Hal terakhir yang sangat menarik adalah dijadikannya tahun 2008 sebagai tahun dialog antarbudaya Eropa (The Eropean Year of Intercultural Dialogue = EYID), yang dilandasi kenyataan bahwa Eropa kontemporer menjadi semakin beragam dalam hal budaya akibat pemekaran Uni Eropa, deregulasi ketenagakerjaan dan globalisasi.

Maka muncul kebutuhan mendesak untuk menciptakan dialog antarbudaya (juga umat beragama) yang menyiratkan penghargaan atas keragaman (diversitas) tersebut.

Pada tanggal 4 Februari 2019 Paus Fransiskus mengadakan kunjungan ke Uni Emirat Arab (UEA) ini adalah sebagai tonggak sejarah dalam dialog antaragama.

Dalam konferensi 4 Februari 2019 tersebut Paus Fransiskus bersama dengan Imam besar Al-Azhar, Ahmad Al-Tayyeb, telah menandatangani The Document on Human Fraternity for World Peace and Living Together. Dokumen tentang Persaudaraan manusia untuk perdamaian dunia dan hidup bersama. Dari diskusi-diskusi yang terbuka dan bersaudara, dan dari pertemuan yang mengungkapkan harapan besar akan masa depan yang cerah bagi semua manusia, gagasan dokumen tentang persaudaraan manusia ini lahir. Inilah sebuah teks yang telah dipertimbangkan dengan tulus dan serius sehingga menjadi pernyataan bersama tentang aspirasi-aspirasi yang indah dan mendalam. Dokumen ini dapat menjadi undangan bagi semua orang yang memiliki iman kepada Allah dan kepercayaan terhadap persaudaraan manusia untuk bersatu dan bekerja sama sehingga dapat menjadi panduan bagi generasi mendatang untuk memajukan budaya saling menghormati dalam kesadaran akan rahmat ilahi yang agung dan menjadikan semua manusia sebagai saudara dan saudari.

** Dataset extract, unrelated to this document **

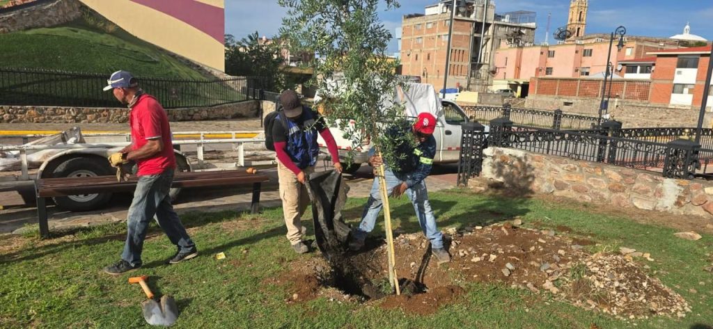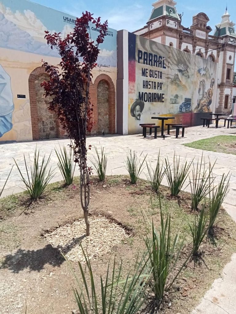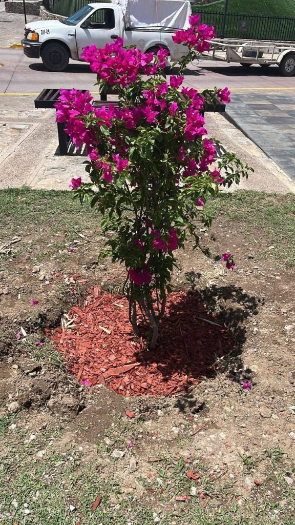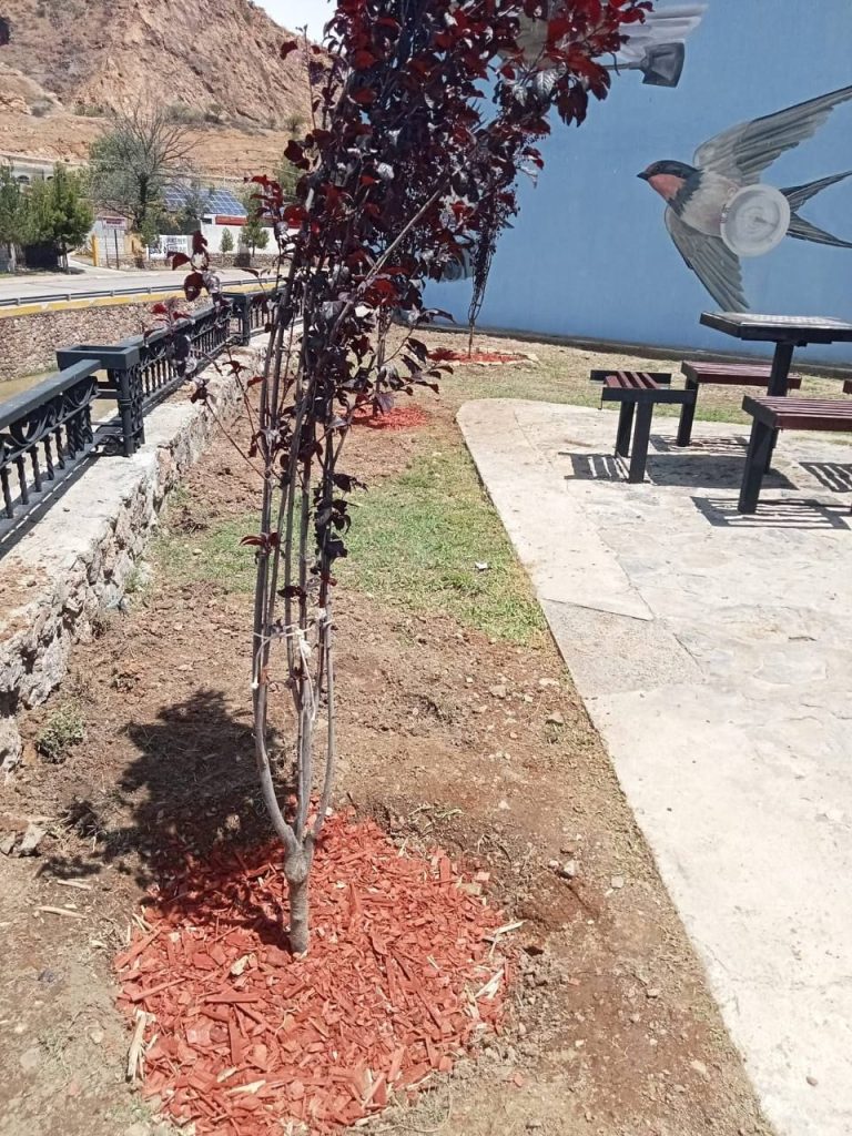 Entre las plantas ornamentales incorporadas destacan el ciruelo rojo, lirio persa, olivo y bugambilia, cuya presencia no solo mejora la estética del lugar, sino que contribuye a la regulación ambiental, la biodiversidad y el confort térmico en la zona.

Dalam dokumen yang ditandatangi oleh Paus dan Imam Besar Al-Azhar yang disebut dengan dokumen Persaudaraan Manusia Untuk Perdamaian Dunia danHidup Beragama, khusus pada dokumen ke sepuluh ditegaskan bahwa:

“Dengan keyakinan yang teguh bahwa ajaran-ajaran autentik agama mengundang kita untuk tetap berakar pada nilai-nilai perdamaian;

untuk mempertahankan nilai-nilai pengertian timbal-balik,

persaudaraan manusia dan hidup bersama yang harmonis; untuk membangun kembali kebijaksanaan, keadilan dan kasih; dan untuk membangkitkan kembali kesadaran beragama di kalangan orang-orang muda sehingga generasi mendatang dapat dilindungi dari ranah pemikiran materialistis dan dari kebijakan berbahaya akan keserakahan dan ketidakpedulian tak terkendali berdasarkan pada hukum kekuatan dan bukan pada kekuatan hokum” (Dokumen Abu Dhabi, 2019 : 17).

Seruan yang tertuang dalam dokumen Abu Dhabi di atas tentu saja ditujukan juga kepada kehidupan antar umat beragama di Indonesia. Sejarah dialog antar umat beragama di Indonesia mencakup rentang waktu yang cukup panjang dan spektrum yang cukup beragam. Kendati demikian, dialog agama di Indonesia dimulai sejak tahun 1969 hingga saat ini, atau sejak itu dialog antaragama mendapat bentuk yang lebih terorganisasi dan lebih institusional terutama antar umat Islam dan Kristen.